Un libro inevitable

Rafael Rojas, CIDE, México D.F./ Princeton University

Jorge Camacho, Etnografía, política y poder a finales del siglo XIX. José Martí y la cuestión indígena, Chapel Hill, U.N.C. Department of Romance Languages, 2013. 260 pp.

     Los estudios martianos son un campo que refleja con nitidez las tensiones ideológicas de la cultura cubana. Una de las mayores pugnas doctrinales, en la experiencia histórica de la isla desde el siglo XIX, ha sido con el liberalismo. La obra intelectual y política de José Martí estableció una relación complicada con la tradición liberal, a la que se sumaron las consabidas querellas de la recepción de su autoría. Si a principios del siglo XX, eran pocos los que dudaban de la inscripción de Martí en el corpus doctrinal de esa tradición, en el último medio siglo, como consecuencia de la asimilación del legado martiano a la Revolución Cubana y al Estado socialista que se derivó de la misma, la idea de un Martí antiliberal se ha vuelto hegemónica.
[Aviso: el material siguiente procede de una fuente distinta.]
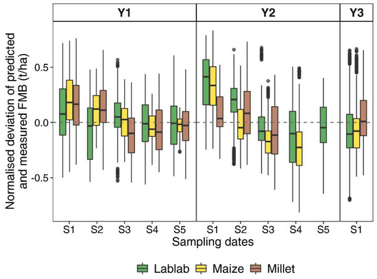 Normalised deviation between predicted and measured fresh matter biomass (FMB) for lablab, maize and finger millet at each sampling date (S1–S5) over three years (Y1–Y3). Predictions were based on the Generalised model. Values were averaged over 11 sampling dates (2016–2018) and two levels of water supply (i.e., rainfed and irrigated).

     Jorge Camacho ha escrito un libro que replantea la relación de Martí con el liberalismo, especialmente con el liberalismo latinoamericano de su época, que fue la corriente política donde el poeta y político cubano selló sus principales alianzas estratégicas y donde encontró recepción en publicaciones referenciales como La Nación de Buenos Aires, El Partido Liberal de México o La Opinión Nacional de Caracas. Todos los amigos latinoamericanos de Martí (Manuel Mercado, José Vicente Villada, Bartolomé Mitre, Vicente G. Quesada, Cecilio Acosta, Miguel García Granados, Francisco Henríquez y Carvajal…) fueron liberales. Políticos y letrados que, en su mayoría, pertenecían a las élites republicanas de sus respectivas naciones, que habían vencido a los conservadores y a los imperios europeos que los respaldaron, como Francia en México y España en Perú y Chile, en las guerras civiles de mediados del siglo XIX, y que desde el poder emprendieron reformas de las sociedades tradicionales del continente.
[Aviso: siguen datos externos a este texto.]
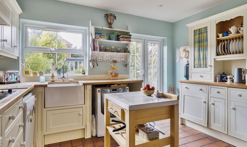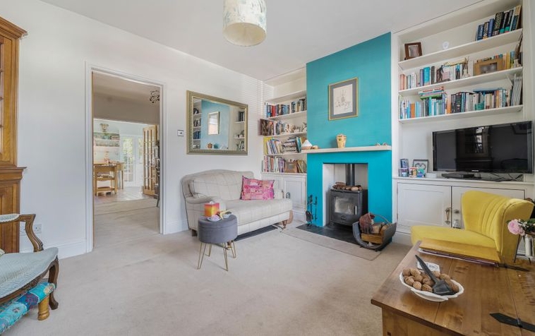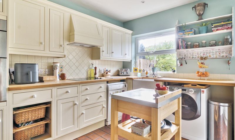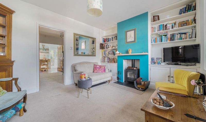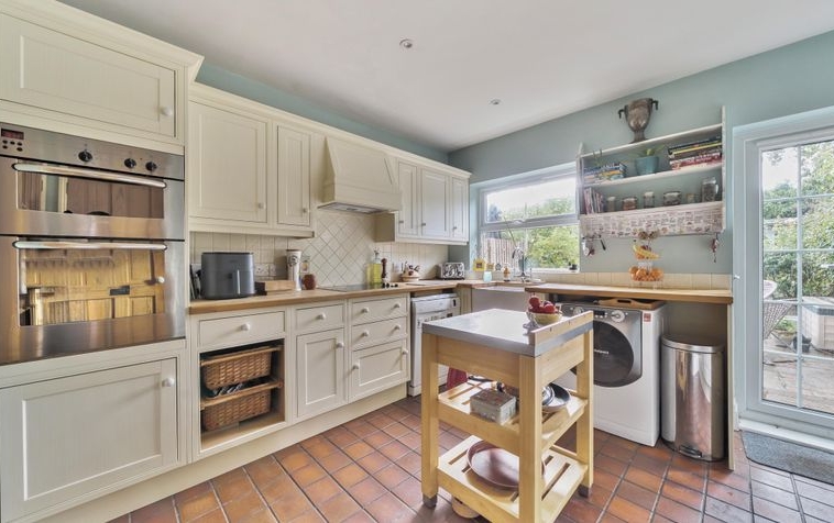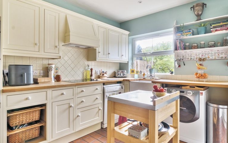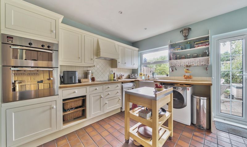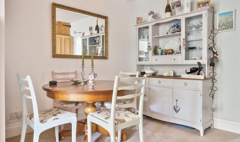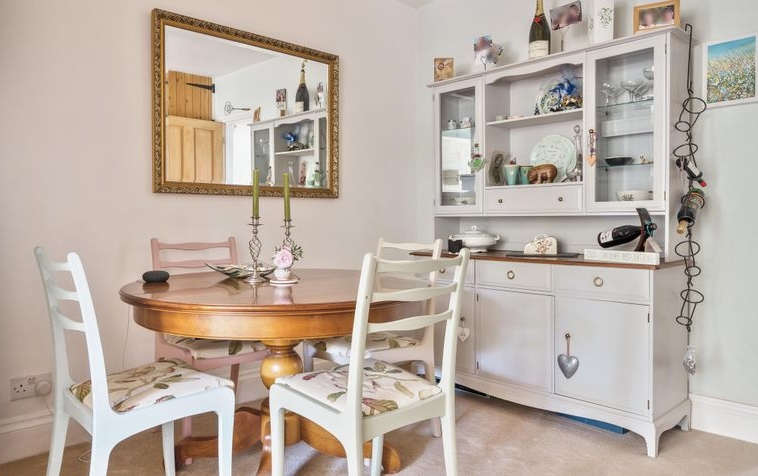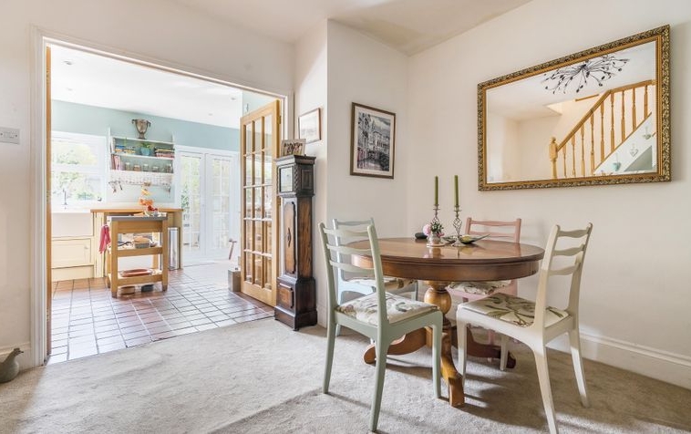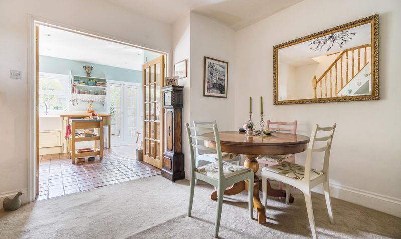 Inside, the home is full of charm and character. The cosy sitting room features a log burner, creating a warm and inviting atmosphere. From here, the layout flows through to the dining room and onto a bright and well-proportioned kitchen, with French doors opening directly into the garden – perfect for entertaining and everyday family living. A useful ground-floor cloakroom adds practicality.

     Camacho explora la relación de Martí con el liberalismo latinoamericano, a través de uno de sus aspectos: las políticas hacia las comunidades indígenas y los discursos de legitimación de las mismas. Lo que encuentra, en esencia, es que Martí compartió los fundamentos y los métodos de aquellas políticas que, al representar al indio como un sujeto atrasado, bárbaro, estamental y corporativo, impulsaron su asimilación al modelo cívico de la república por medio de la desamortización de las propiedades comunales, la educación, el exterminio, el mestizaje y la inmigración o el repoblamiento de europeos o criollos blancos. No hay, como prueba Camacho, mayores desacuerdos de Martí con esas políticas del liberalismo latinoamericano de su generación y, en algunos casos, hay alabanzas a las mismas.
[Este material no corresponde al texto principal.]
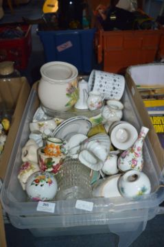 Box Containing Assorted Potpourri, Specimen Vases, Royal Doulton Cups & Saucers, Candle Holders, etc.

     En diversos escritos sobre América Latina, entre 1875 y 1895, Martí respaldó las políticas contra las comunidades indígenas emprendidas por los gobiernos de Benito Juárez y Sebastián Lerdo de Tejada en México, Justo Rufino Barrios en Guatemala y Julio Argentino Roca y Miguel Juárez Celman en Argentina. Camacho da cuenta, exhaustivamente, de esos apoyos y en un par de capítulos, del mayor interés, dedicados a las crónicas de José Martí sobre el espectáculo de Buffalo Bill y la colonización de Oklahoma, encuentra representaciones de las comunidades indígenas de Estados Unidos que reiteran los tópicos estetizantes y racistas sobre el “salvajismo”, la “ferocidad” y el “ocio” de los discursos orientalistas y etnográficos que fundamentaron las políticas imperiales y neocolonizadoras de Occidente, a fines del siglo XIX.
     Uno de los objetivos de Camacho es refutar la idea de un supuesto corte ideológico en la obra de Martí, en torno al año 1887, que marcaría la madurez doctrinal del poeta y político cubano y lo haría abandonar el referente liberal de su juventud. Al comentar textos anteriores y posteriores a ese año, en los que se reiteran estas visiones sobre las comunidades indígenas de América, Camacho, a pesar de su insistencia en que Martí no debe ser leído como un autor siempre dado, igual a sí mismo, que no cambia o modula sus ideas sociales y políticas, propone otra manera de entender la relación de Martí, es decir, de todo Martí, con el liberalismo latinoamericano y su trazado de políticas hacia las comunidades indígenas, a fines del siglo XIX.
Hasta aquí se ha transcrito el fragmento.